'China won't repeat Japan's forex error'

20 Sep, 2010

China will not repeat Japan's mistake of the 1980s and let its exchange rate surge in response to foreign pressure, Li Daokui, an adviser to the People's Bank of China, said on Sunday. Li, an economics professor at Tsinghua University in Beijing, said arm-twisting from abroad over the yuan was only beginning.
"External pressure for China to appreciate the yuan is going to increase in the next several years," Li told a forum. But he said the exchange rate was only one of many tools China could deploy to adjust the structure of its economy and reduce its external payments surplus. For instance, as a large country, China's scope to boost domestic demand was vast.

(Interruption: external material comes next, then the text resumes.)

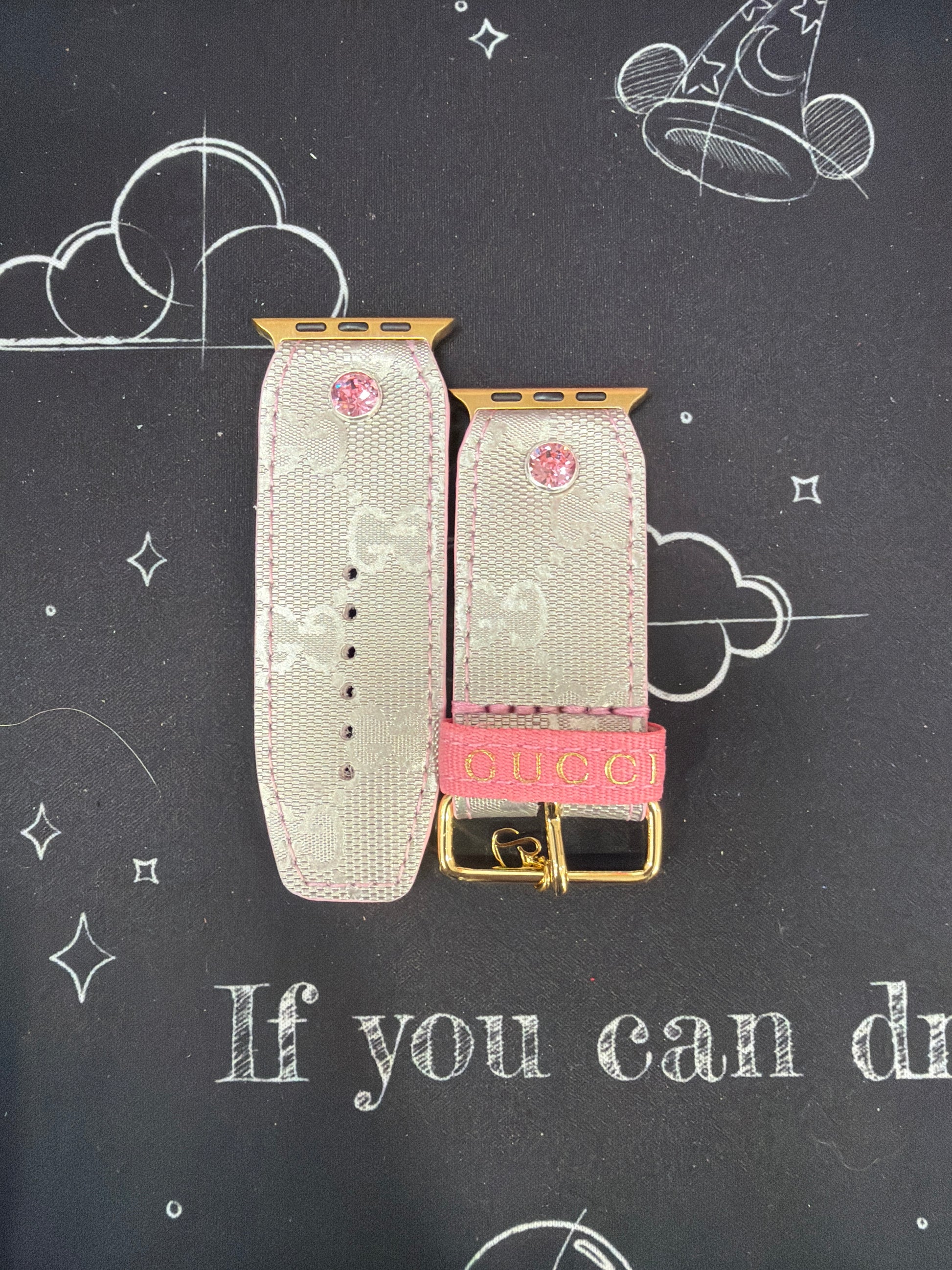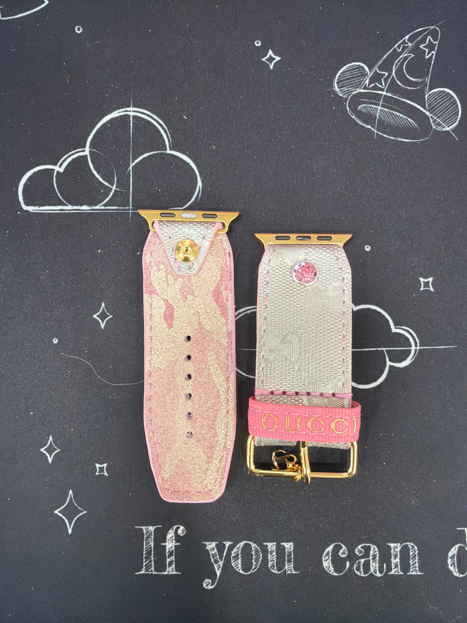 A coated canvas band made from an upcycled silver GG. The liner is a rose glitz camo, pink edge paint and pink ribbon keeper. Hardware and crystals are customizable. Please specify your choice in the notes section at checkout.

"So it is no longer necessary for China to achieve trade balance only by appreciating the yuan. We can also improve our trade structure by increasing imports, which is what we are doing now," Li told Reuters on the sidelines of the conference.

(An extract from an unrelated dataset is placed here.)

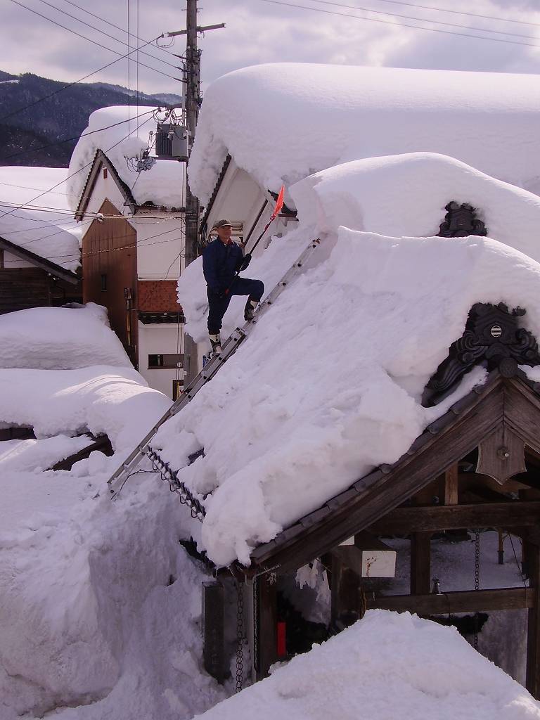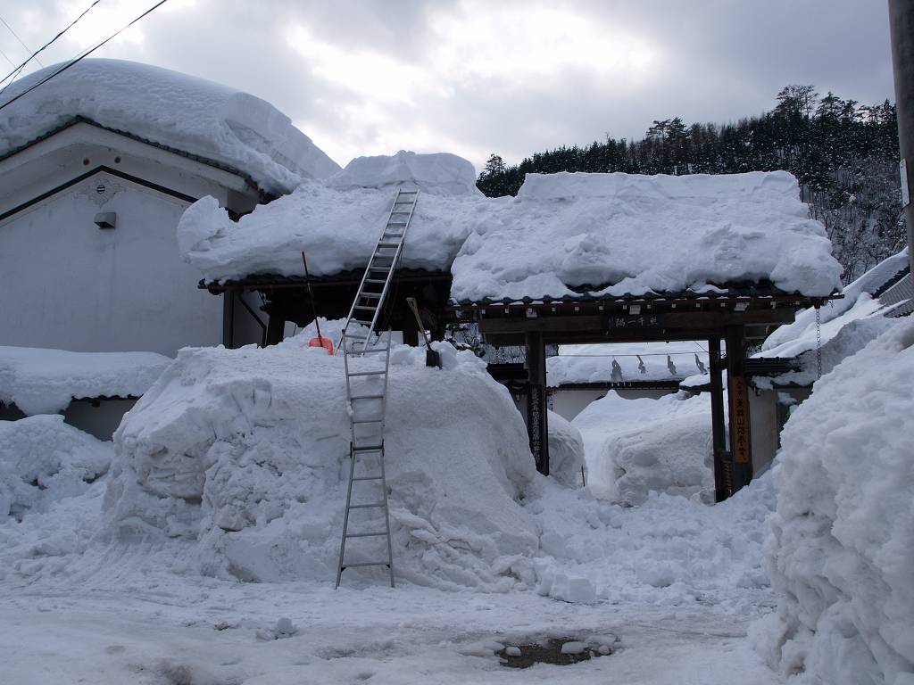 正月明からダラダラと降っていた雪は5日間程度続き、積雪量は既に2メートルを越え、「一刻も早く屋根下ろしをしなけれ・・・」と限界に近いところまで到達していました。もちろん雪が降っている最中でも出来るところから上っておろしていたのですが、お寺ですからやるべき所は幾らでも待っている。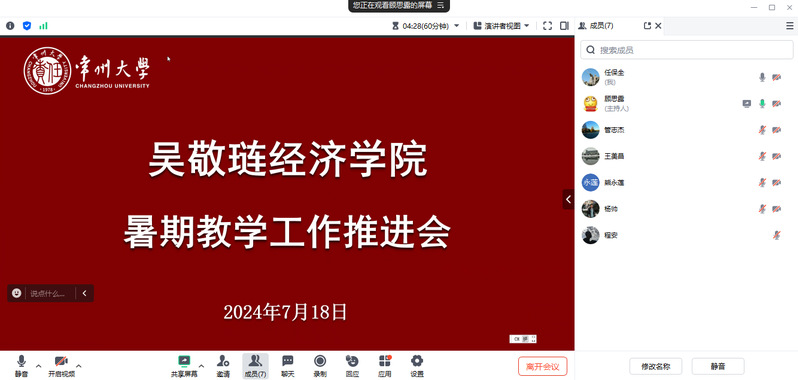 7月18日晚上19点半,ACG盒子 线上开展暑期教学工作推进会。ACG盒子 国贸专业负责人管志杰、国贸系副主任王美昌、国贸系副主任杨帅、金融系副主任熊永莲、金工系主任程安以及教务秘书顾思露参与会议。会议由任保全副院长主持。

As a percentage of GDP, China's current account surplus this year is likely to be less than half the 11 percent peak it reached in 2007.

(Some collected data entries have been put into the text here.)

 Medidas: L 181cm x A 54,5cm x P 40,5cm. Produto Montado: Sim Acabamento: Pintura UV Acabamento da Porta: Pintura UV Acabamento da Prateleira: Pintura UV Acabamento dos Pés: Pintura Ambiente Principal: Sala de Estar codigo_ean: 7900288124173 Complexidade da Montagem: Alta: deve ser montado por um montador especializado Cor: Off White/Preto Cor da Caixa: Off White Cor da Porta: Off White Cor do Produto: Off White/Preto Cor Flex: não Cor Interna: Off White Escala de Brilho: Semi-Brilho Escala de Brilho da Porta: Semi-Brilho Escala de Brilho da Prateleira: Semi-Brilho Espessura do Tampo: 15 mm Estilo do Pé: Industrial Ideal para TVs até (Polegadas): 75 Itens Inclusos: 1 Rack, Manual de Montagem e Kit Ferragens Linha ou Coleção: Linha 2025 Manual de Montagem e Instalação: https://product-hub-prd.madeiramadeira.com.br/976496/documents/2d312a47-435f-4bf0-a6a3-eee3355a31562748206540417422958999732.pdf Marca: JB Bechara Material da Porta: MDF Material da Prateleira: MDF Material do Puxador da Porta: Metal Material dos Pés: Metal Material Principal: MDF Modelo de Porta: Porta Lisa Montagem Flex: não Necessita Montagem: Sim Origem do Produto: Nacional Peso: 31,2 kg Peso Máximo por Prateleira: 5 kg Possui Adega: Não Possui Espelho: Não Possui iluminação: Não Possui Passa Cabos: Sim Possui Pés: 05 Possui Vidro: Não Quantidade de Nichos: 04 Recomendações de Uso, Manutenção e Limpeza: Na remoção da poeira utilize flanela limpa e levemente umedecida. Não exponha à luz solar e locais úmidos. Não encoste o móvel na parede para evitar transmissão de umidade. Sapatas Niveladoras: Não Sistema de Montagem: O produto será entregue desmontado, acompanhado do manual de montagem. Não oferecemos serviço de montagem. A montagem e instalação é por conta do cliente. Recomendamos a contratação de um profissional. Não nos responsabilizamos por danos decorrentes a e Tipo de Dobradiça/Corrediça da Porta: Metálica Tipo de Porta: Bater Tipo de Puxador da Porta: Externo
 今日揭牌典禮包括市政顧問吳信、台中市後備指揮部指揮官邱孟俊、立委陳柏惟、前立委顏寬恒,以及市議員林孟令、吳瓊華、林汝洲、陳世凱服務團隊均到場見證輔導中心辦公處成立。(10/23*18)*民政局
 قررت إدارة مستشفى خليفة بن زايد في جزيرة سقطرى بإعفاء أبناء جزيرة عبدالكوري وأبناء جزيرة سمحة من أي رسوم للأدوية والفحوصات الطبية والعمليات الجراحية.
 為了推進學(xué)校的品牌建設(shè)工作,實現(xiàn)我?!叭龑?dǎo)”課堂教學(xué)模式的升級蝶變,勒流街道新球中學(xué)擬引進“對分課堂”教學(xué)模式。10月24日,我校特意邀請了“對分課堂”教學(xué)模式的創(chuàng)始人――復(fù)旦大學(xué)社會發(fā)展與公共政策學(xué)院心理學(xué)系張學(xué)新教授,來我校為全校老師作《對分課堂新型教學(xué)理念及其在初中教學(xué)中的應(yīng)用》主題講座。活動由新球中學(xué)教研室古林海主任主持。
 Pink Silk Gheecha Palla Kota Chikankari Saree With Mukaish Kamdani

Li, a member of the central bank's monetary policy committee, said the economic circumstances in China today were different from those in Japan in 1985.
The yen rose sharply after Japan and other leading economies sealed the Plaza Accord in 1985 to bring about an orderly decline in the dollar to reduce a bulging US current account deficit.
As money poured into Japan to chase the yen higher, loose monetary policy inflated an asset price bubble that burst at the start of the 1990s, ushering in two decades of economic stagnation and a battle against deflation that is still not won.
Policymakers and researchers in China are acutely aware of Japan's experience.
"China will not go down the path Japan took and give in to foreign pressure on the issue of the yuan's exchange rate," Li said. He urged US lawmakers, who are considering legislation to punish China for what they see as an unfairly cheap yuan, to stop pointing figures at Beijing over the exchange rate. "The US should pay much more attention to its own problems. What has the US done while we have been reducing our trade surplus?" Li said.